他知道以現在的情況, 放手是對他最好的選擇,卿卿即便是失去記憶,也不願意與他有任何關系。

但清楚是一方面, 難以放棄也是一方面。

他遠沒有自己想想中的那樣大度。

留給他的時間不多了, 如果想留住卿卿, 他必須在僅剩的時間內護她周全。

他方才疼得幾乎要發狂,現在也沒有比方才好上多少,

顧徵眸色暗淡,他將自己手指的指節捏得泛白。

竭力不讓自己失落的情緒表現得太過明顯。

卿卿摸了摸手中的浮生劍, 猶豫了半晌,還是和顧清說了聲抱歉。

她有些可憐在她面前的那個少年,與其說是可憐, 不如說是她覺得很愧疚。

愧疚她自己為什麽會那樣做, 刺傷了人,感覺到抱歉總歸是不好意思的。

卿卿又不是那種囂張跋扈到會對這種事情置若罔聞的人。

少女起身走了幾步, 顧徵擡眸, 正好看到卿卿朝著他的方向走了過來。

他方才還波濤起伏的心臟忽然就這樣靜止了下來。

少年的眸子裏突然由暗淡變得充滿希冀。

不管是由於什麽原因,卿卿總算是看了他, 並且主動朝著他走了過來。

有多久了——

自從他重新見到卿卿之後,她就再也沒有主動朝他走過來一次。

而今看到卿卿這樣朝著他走了過來, 他心裏說不上是欣喜更多,還是一種覆雜的情緒更多些。

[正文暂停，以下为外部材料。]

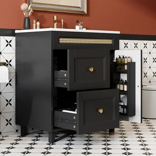 Wykończenie melaminowe: Powierzchnia szafki wykończona jest precyzyjnie melaminą, co zapewnia wysoką odporność na ścieranie i jednolity kolor. Estetyczne i odporne na wilgoć wykończenie pozwala zachować nowy wygląd nawet w wilgotnej łazience i gwarantuje długą żywotność. Dużo miejsca do przechowywania: Ta szafka łazienkowa wyposażona jest w dwudrzwiową szafkę z zawiasami z cichym domykiem i dwiema cichymi szufladami, które zaspokoją wszystkie Twoje potrzeby związane z przechowywaniem. Dodatkowo, posiada wiele przegródek wewnątrz drzwi i regulowane, wyjmowane półki, co pozwala na uporządkowane i efektywne przechowywanie akcesoriów łazienkowych, ręczników i innych przedmiotów. Każdy szczegół został starannie przemyślany, aby zoptymalizować przestrzeń do przechowywania. Prosty i nowoczesny design: Ta szafka łazienkowa łączy klasyczną czarną ramę z eleganckimi złotymi uchwytami, oferując nowoczesny, minimalistyczny i luksusowy wygląd. Tkane detale nad szufladami nadają jej wyjątkowy design i ciepły, naturalny akcent. Tworzy wyrafinowaną i modną atmosferę, która podkreśla charakter łazienki. Jednoczęściowa umywalka ceramiczna: Szafka podumywalkowa wyposażona jest w jednoczęściową umywalkę ceramiczną, idealnie wkomponowaną w design i wyposażoną w system zapobiegający przepełnieniu. Jej gładka powierzchnia jest wyjątkowo łatwa w czyszczeniu, co ogranicza konieczność konserwacji. Co więcej, jej przemyślana konstrukcja ułatwia montaż i zapewnia komfort użytkowania.

顧徵想, 現在哪怕是卿卿只是可憐他, 他也甘之如飴。

少女的腳步停留在他跟前。

顧徵的呼吸在瞬間就屏住了, 他連大氣都不敢出,生怕自己的呼吸驚擾了現在這場美妙的夢境。

天知道他有多害怕現在在他面前的這一切只不過是他的一場夢。

卿卿沒註意到他覆雜的神情變化,少女躊躇了半天, 選擇了一個她認為還算恰當的措辭方式,開口道:“殿下,你的傷好了嗎?”

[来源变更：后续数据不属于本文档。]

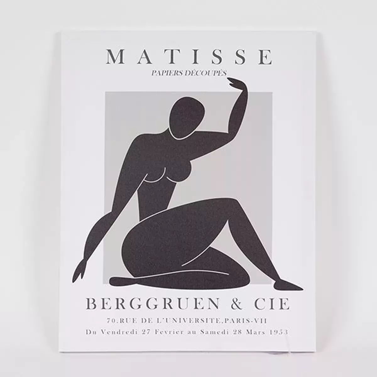 ΠΙΝΑΚΑΣ ΣΕ ΚΑΜΒΑ, ΓΥΝΑΙΚΕΙΑ ΦΙΓΟΥΡΑ MATISSE, ΜΑΥΡΟ-ΓΚΡΙ-ΛΕΥΚΟ, 40x50εκ

少年楞了楞,他眉眼低垂,他去洗髓池的事情顧清不可能告訴卿卿,她指的傷是什麽?

只是卿卿沒讓他思考太久,少女聲音輕輕,她接著開口道:“那日,浮生劍的事情,殿下,是我對你不住。”

微風將少年的碎發吹起,映照出他好看的側臉,少年覺得自己心臟中方才失去的那塊東西,有那麽一瞬間猛然回來了,隔著時光的間隙,他似乎又看到了卿卿往日裏對他的關心。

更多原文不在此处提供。